**Activity**
Nothing but the lines below between the line holding "クロスボーダーのかつらの女性" and the line holding "Nordkurier 09.01.2026: Fortuna-Handballerinnen", inclusive, should appear in the answer, each set down exactly.

**Extracted material**
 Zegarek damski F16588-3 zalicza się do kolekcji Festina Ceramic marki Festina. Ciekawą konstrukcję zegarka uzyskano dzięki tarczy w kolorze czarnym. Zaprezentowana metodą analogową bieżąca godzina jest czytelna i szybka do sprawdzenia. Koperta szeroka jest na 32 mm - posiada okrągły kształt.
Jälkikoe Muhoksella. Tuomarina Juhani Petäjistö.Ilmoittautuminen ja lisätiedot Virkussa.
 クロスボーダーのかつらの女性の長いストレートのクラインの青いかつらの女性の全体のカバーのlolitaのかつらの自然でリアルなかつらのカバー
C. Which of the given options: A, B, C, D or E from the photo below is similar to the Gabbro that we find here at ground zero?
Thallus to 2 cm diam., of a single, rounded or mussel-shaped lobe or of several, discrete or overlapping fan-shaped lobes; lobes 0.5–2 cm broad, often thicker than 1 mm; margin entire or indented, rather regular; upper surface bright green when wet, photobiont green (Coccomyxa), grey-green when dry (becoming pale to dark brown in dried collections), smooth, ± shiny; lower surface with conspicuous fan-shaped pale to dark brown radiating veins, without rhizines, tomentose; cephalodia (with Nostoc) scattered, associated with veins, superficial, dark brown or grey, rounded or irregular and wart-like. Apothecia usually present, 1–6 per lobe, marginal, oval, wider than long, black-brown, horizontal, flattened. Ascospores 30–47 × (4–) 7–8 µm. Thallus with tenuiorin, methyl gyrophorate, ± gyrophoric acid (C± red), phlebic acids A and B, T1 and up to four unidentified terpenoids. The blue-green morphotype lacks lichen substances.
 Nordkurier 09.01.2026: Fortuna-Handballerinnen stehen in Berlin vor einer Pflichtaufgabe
--
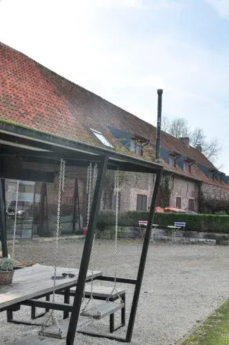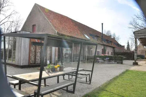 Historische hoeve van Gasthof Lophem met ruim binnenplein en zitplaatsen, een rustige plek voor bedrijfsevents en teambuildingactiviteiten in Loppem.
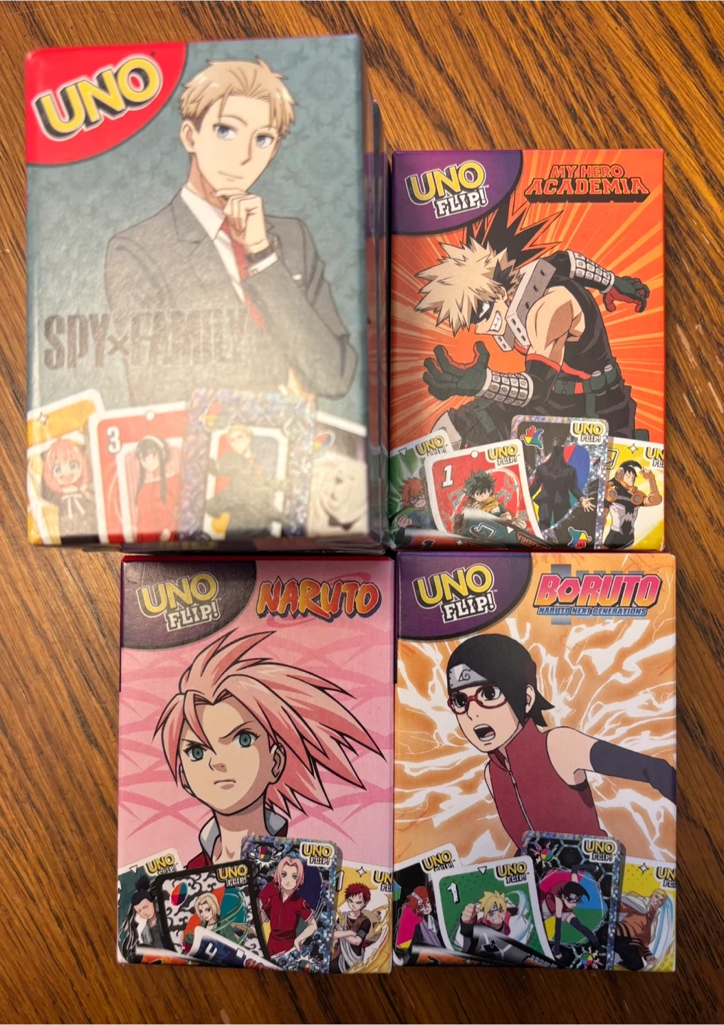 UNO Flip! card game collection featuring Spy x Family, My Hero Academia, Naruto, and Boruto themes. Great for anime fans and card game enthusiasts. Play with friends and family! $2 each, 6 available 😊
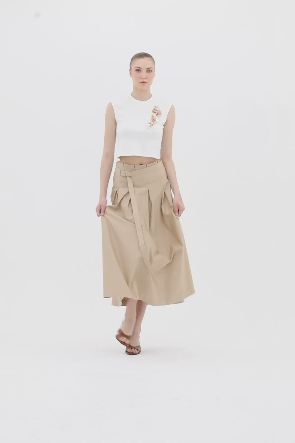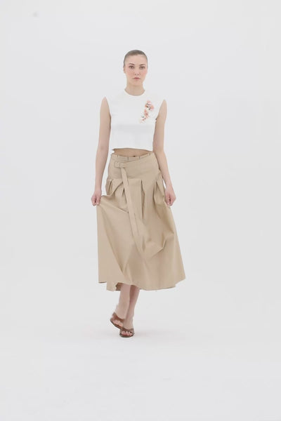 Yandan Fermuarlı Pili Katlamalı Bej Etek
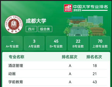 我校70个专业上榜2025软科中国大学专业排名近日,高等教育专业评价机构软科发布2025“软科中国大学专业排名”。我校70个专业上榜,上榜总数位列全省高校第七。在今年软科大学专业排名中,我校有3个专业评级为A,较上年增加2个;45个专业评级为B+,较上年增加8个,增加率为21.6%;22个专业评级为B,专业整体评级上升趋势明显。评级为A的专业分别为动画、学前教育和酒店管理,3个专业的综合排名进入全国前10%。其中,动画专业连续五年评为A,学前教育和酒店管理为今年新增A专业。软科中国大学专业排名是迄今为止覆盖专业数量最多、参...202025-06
...
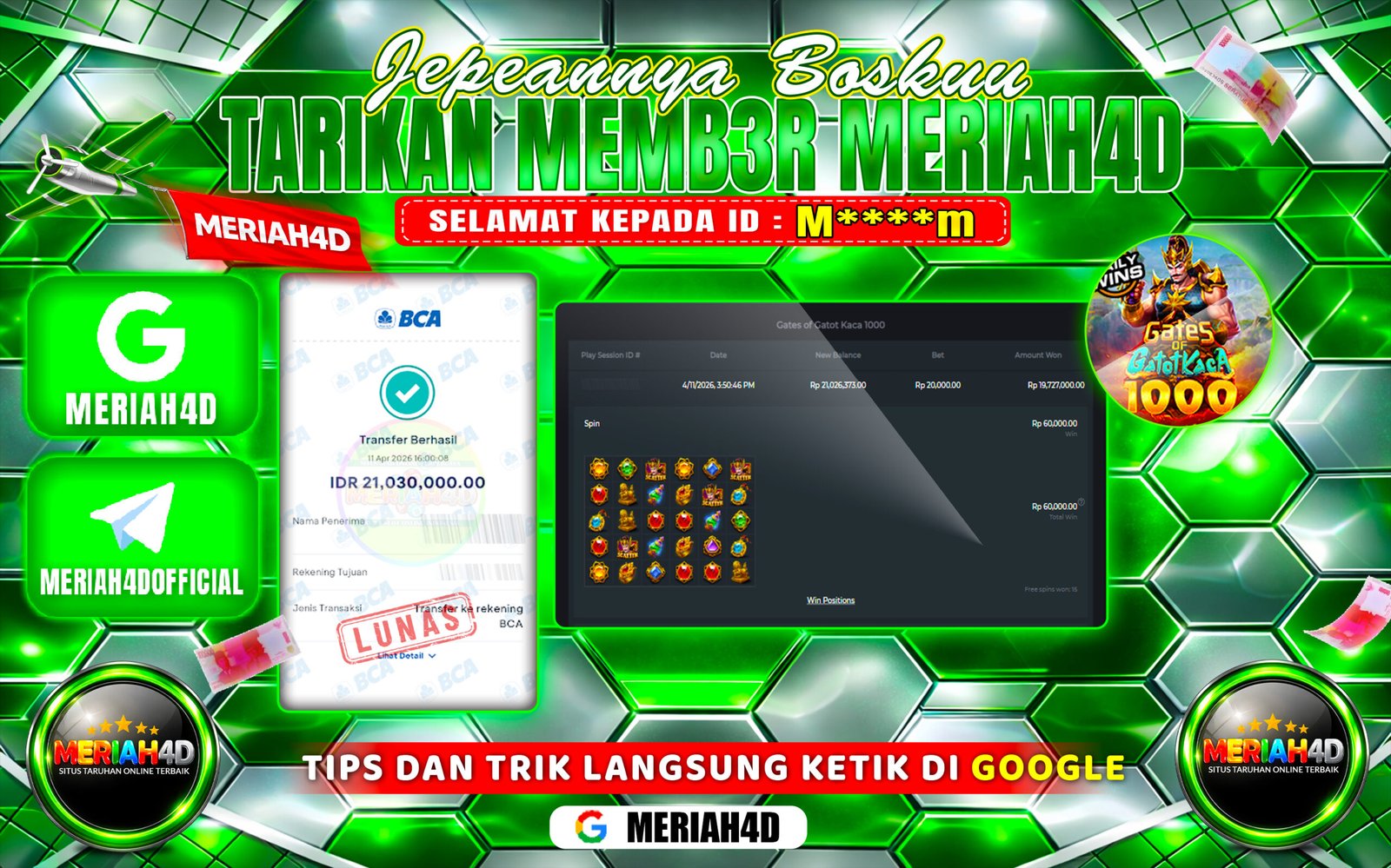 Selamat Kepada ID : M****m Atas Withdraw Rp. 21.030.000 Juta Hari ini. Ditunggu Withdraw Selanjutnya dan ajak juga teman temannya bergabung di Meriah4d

**Your response**
 クロスボーダーのかつらの女性の長いストレートのクラインの青いかつらの女性の全体のカバーのlolitaのかつらの自然でリアルなかつらのカバー
C. Which of the given options: A, B, C, D or E from the photo below is similar to the Gabbro that we find here at ground zero?
Thallus to 2 cm diam., of a single, rounded or mussel-shaped lobe or of several, discrete or overlapping fan-shaped lobes; lobes 0.5–2 cm broad, often thicker than 1 mm; margin entire or indented, rather regular; upper surface bright green when wet, photobiont green (Coccomyxa), grey-green when dry (becoming pale to dark brown in dried collections), smooth, ± shiny; lower surface with conspicuous fan-shaped pale to dark brown radiating veins, without rhizines, tomentose; cephalodia (with Nostoc) scattered, associated with veins, superficial, dark brown or grey, rounded or irregular and wart-like. Apothecia usually present, 1–6 per lobe, marginal, oval, wider than long, black-brown, horizontal, flattened. Ascospores 30–47 × (4–) 7–8 µm. Thallus with tenuiorin, methyl gyrophorate, ± gyrophoric acid (C± red), phlebic acids A and B, T1 and up to four unidentified terpenoids. The blue-green morphotype lacks lichen substances.
 Nordkurier 09.01.2026: Fortuna-Handballerinnen stehen in Berlin vor einer Pflichtaufgabe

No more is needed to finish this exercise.